Input material
=== Section Start ===

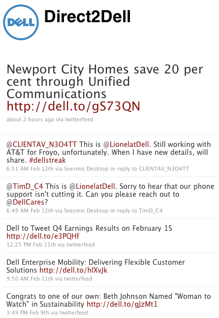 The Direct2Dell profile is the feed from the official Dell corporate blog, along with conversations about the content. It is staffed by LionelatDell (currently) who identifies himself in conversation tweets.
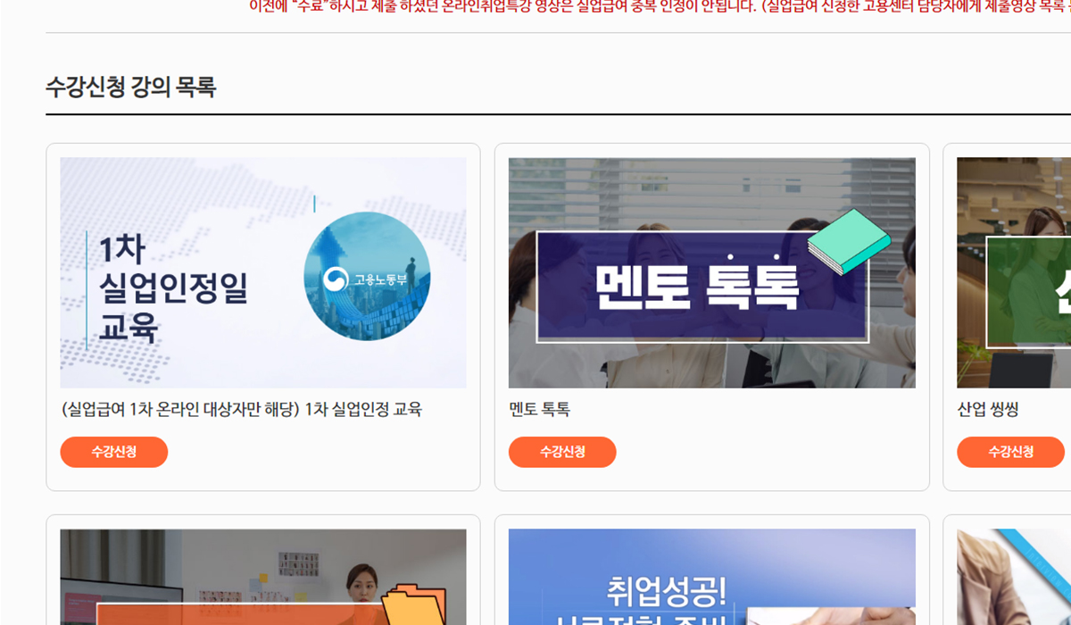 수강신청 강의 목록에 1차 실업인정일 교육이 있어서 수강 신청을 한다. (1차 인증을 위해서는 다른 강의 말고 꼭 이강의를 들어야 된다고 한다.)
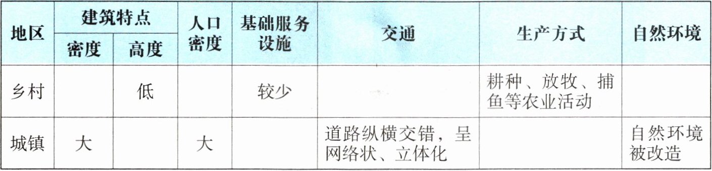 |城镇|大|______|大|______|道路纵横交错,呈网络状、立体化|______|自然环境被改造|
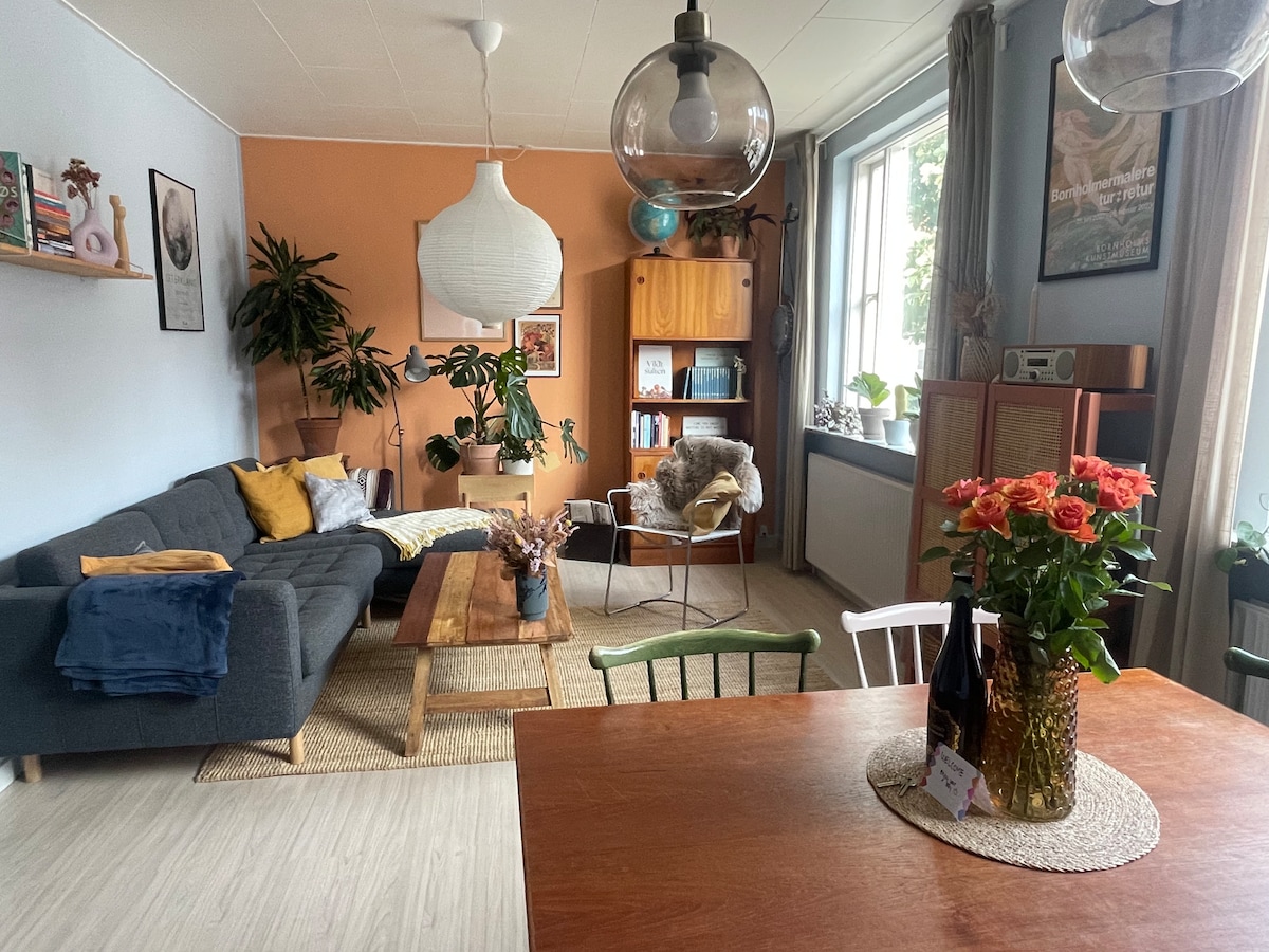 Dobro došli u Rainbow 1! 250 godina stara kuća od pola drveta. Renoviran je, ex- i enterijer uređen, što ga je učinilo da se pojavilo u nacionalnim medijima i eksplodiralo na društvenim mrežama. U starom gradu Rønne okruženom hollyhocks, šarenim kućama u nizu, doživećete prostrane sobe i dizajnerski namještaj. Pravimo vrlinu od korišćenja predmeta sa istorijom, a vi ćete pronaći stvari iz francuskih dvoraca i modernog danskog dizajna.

=== Section End ===
=== Section Start ===

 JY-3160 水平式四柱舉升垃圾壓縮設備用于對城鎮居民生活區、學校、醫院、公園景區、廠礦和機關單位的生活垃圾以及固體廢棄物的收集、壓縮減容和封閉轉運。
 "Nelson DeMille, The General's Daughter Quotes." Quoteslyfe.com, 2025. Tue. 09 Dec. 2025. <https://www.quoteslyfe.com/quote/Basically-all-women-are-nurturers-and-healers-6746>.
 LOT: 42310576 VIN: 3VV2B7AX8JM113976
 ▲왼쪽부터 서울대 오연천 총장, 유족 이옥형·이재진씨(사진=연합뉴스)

=== Section End ===
=== Section Start ===

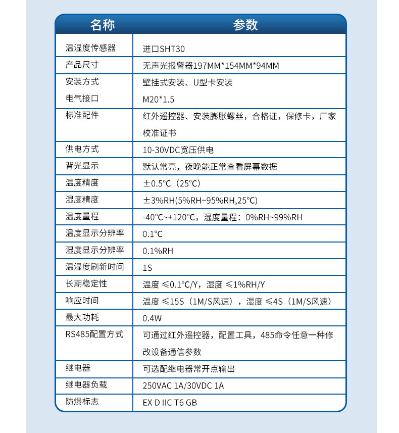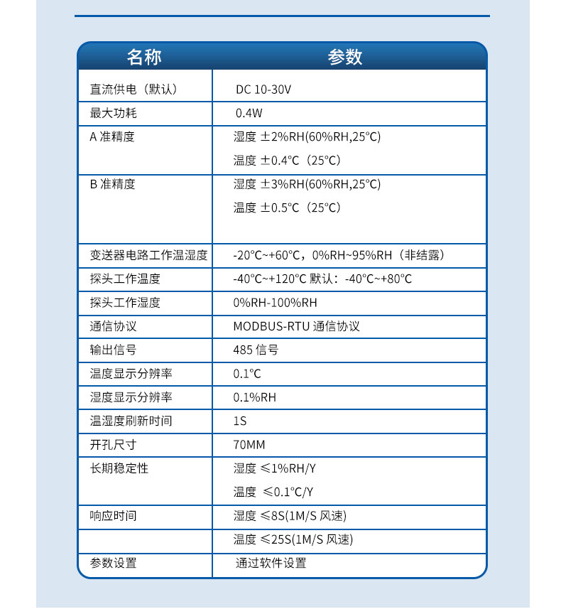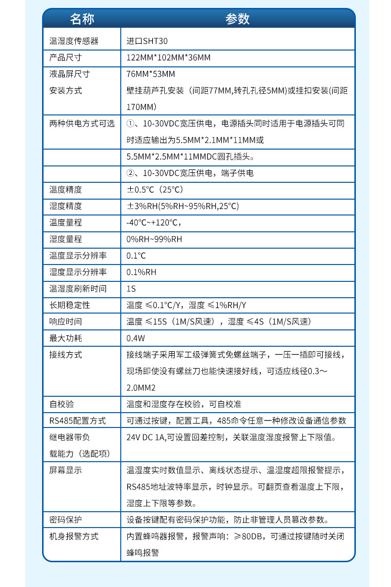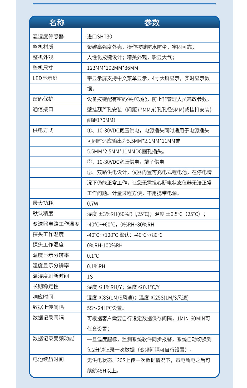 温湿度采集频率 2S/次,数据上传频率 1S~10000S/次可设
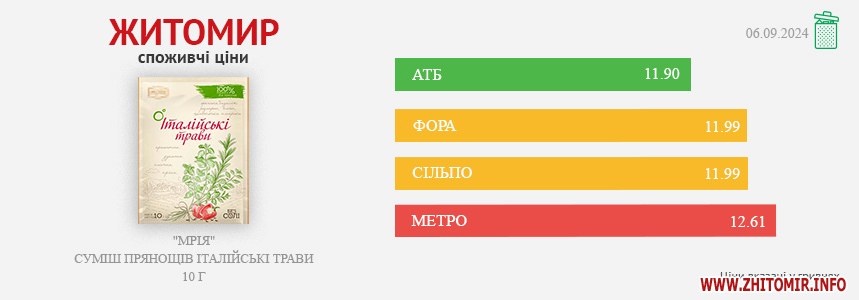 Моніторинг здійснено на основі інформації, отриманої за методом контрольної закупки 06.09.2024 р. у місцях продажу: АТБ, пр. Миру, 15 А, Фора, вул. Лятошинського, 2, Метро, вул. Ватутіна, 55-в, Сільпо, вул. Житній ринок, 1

=== Section End ===

The problem
Above are the records. Copy the lines beginning at the one that has "JY-3160 水平式四柱舉" and ending with the one that has "총장, 유족 이옥형·이재진씨(사진=연합뉴스)", unchanged.

Response area
 JY-3160 水平式四柱舉升垃圾壓縮設備用于對城鎮居民生活區、學校、醫院、公園景區、廠礦和機關單位的生活垃圾以及固體廢棄物的收集、壓縮減容和封閉轉運。
 "Nelson DeMille, The General's Daughter Quotes." Quoteslyfe.com, 2025. Tue. 09 Dec. 2025. <https://www.quoteslyfe.com/quote/Basically-all-women-are-nurturers-and-healers-6746>.
 LOT: 42310576 VIN: 3VV2B7AX8JM113976
 ▲왼쪽부터 서울대 오연천 총장, 유족 이옥형·이재진씨(사진=연합뉴스)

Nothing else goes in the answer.